Fanny Bay artist Judi Wild was a graphic designer in Edmonton when she began working on what would become the most important painting of her career.
Little did she know at the time, she was painting a picture of a saint.
The year was 1991. Wild was an Edmonton Telephones employee. She said the work – and the words – of Mother Teresa is what inspired her to create the painting.

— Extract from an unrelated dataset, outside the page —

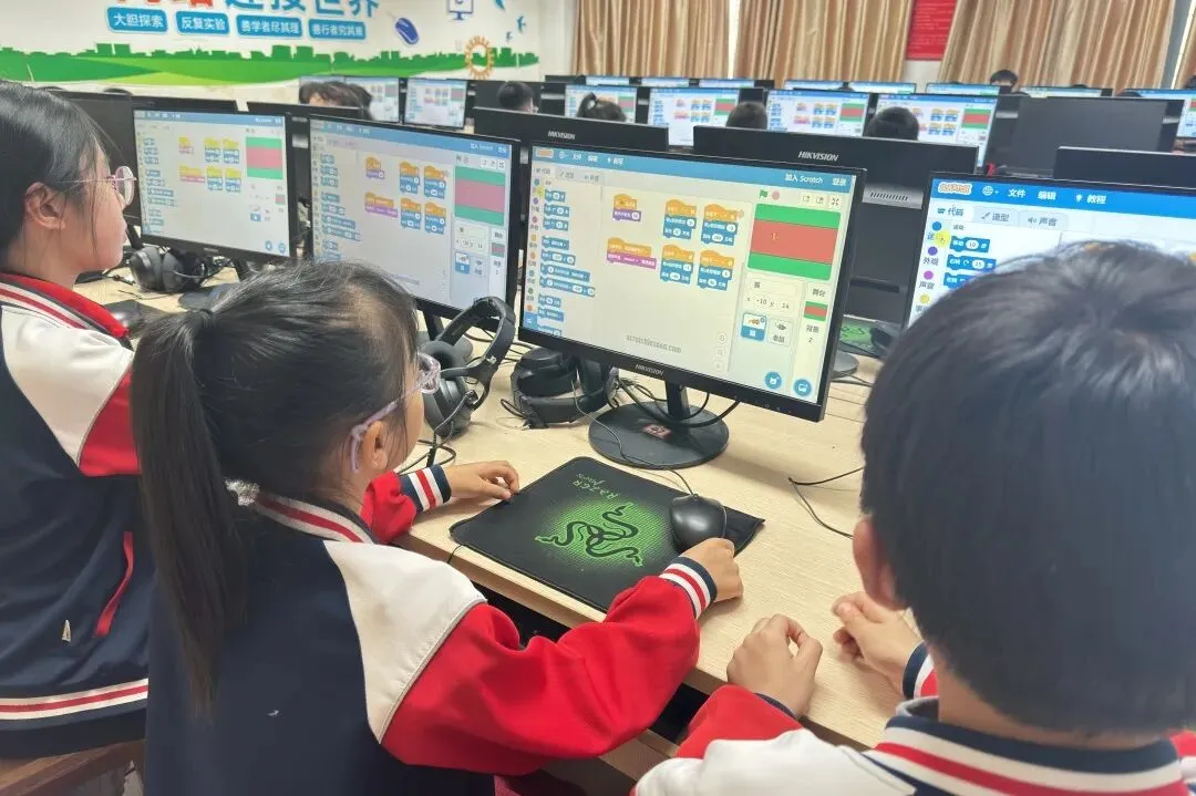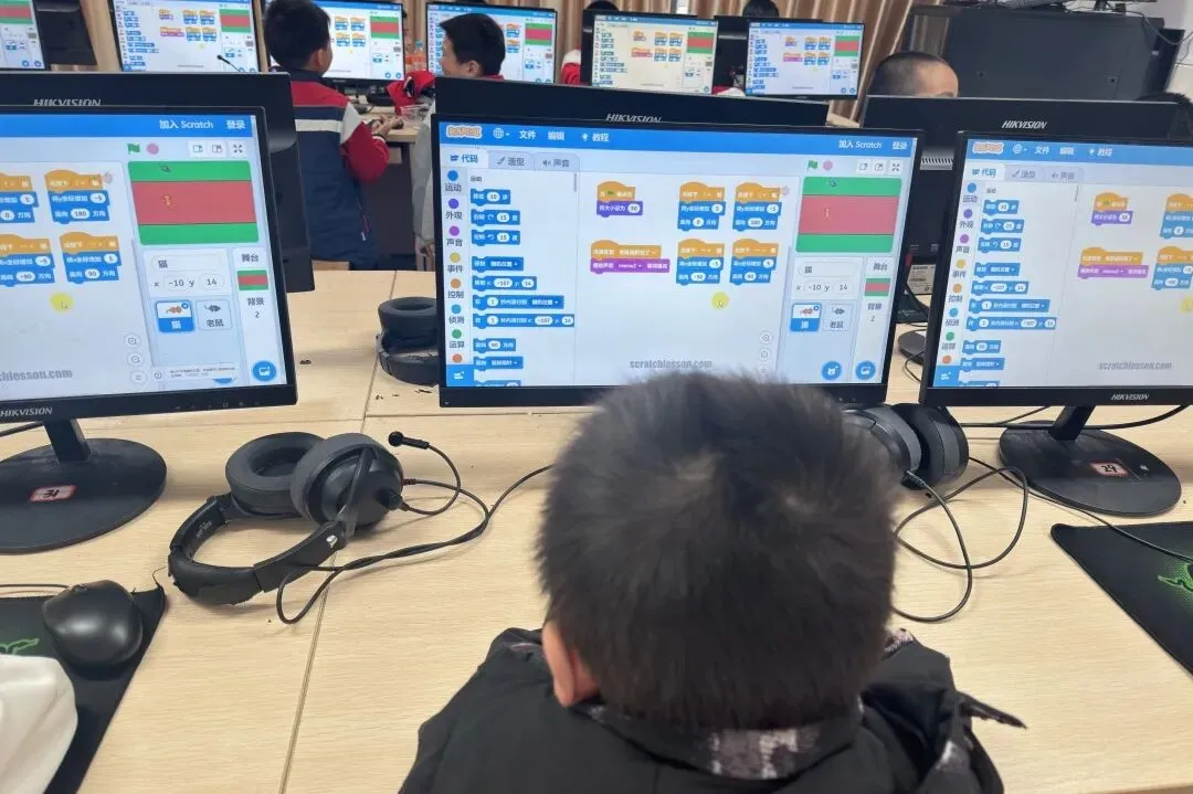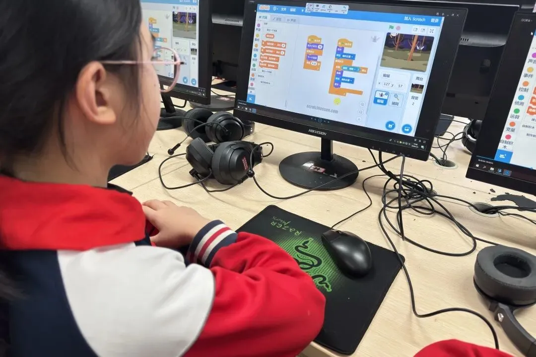 当 Scratch 充满魔力的界面第一次点亮教室屏幕,当孩子们的小指尖第一次拖动彩色积木块,让屏幕上的小猫迈出灵动一步,一场关于逻辑、创造与成长的编程奇妙旅程,便悄然拉开了序幕。过去一学期,南门中特小学复兴少年宫图形化编程兴趣班的教室里,始终回荡着调试成功的欢呼、伙伴协作的欢声笑语,更凝聚着孩子们面对难题时不肯放弃的执着。从最初对着界面的懵懂好奇,到如今能独立设计趣味游戏、创作互动动画,孩子们用一块块小小的编程积木,搭建出了属于自己的数字宇宙,让创意在代码世界里自由绽放。

“Of course there was always the total admiration of her inner strength and also her tireless work in the streets of Calcutta (her call within a call),” Wild said, after some thought. “But the artist in me first had the desire to paint her because of her age and my artist’s fascination with the mature character lines in her face and hands. Each fold in her beautiful face tells a story of dedication and love, and her hands define her hard work. I have always had a love for old people – and used to teach them art and listen to their words of wisdom.”
It was not only the physical attributes Wild found inspiring. She also admires Mother Teresa’s teachings.
“I think it’s her sayings – I agree with her philosophy,” said Wild. “I’m not Catholic, but I am spiritual. And it’s her expressions, her philosophies of life. I agree with everything.”
She said she felt a further connection to Mother Teresa as her canvas creation progressed.
“When I started doing the painting, it was like a spiritual growth for me.”
Wild said it took 300 hours to complete the painting, but it went extremely smoothly.
“Usually, I have one little part where I have so much trouble, one little tiny part of a painting that I will really struggle with. But no. Not this time. It was 300 hours of just bliss. It just absolutely flowed.”
Wild said it was almost like there was some divine intervention with the process in creating the 28 x 40” artwork – and even with the eventual sale of the painting.
“That was one of those pivotal moments that they talk about,” said Wild. “I had a gallery at West Edmonton Mall, and a customer came in and saw the painting and said ‘I have a buyer for you.’ It was at a time I was really struggling. I was close to going back to work (as a graphic designer). So I reluctantly gave her up… it turns out, it really did save my career.
“And it went to the best home ever. It was a doctor, who has delivered 25,000 babies. He was such a kind, kind soul.”
Dr. Fawzy Morcos, an obstetrician in Edmonton, purchased the painting. Morcos was revered by many for his breakthrough approaches to parenthood. His hospital (Edmonton Misericordia) was the first in Canada to adopt a “rooming in” policy for mothers and babies, and he also piloted a revolutionary hospital-based midwifery program.
Wild was to have met Mother Teresa shortly after the completion of her painting, but plans fell through.
The painting can be seen at various locations in the Comox Valley, including the chapel at The Views, and at Christ the King Catholic Church.
The print at The Views was not always in the chapel. When current chaplain, Brian Ducedre, came to St. Joseph Hospital, in 2003, the painting was hanging in his office.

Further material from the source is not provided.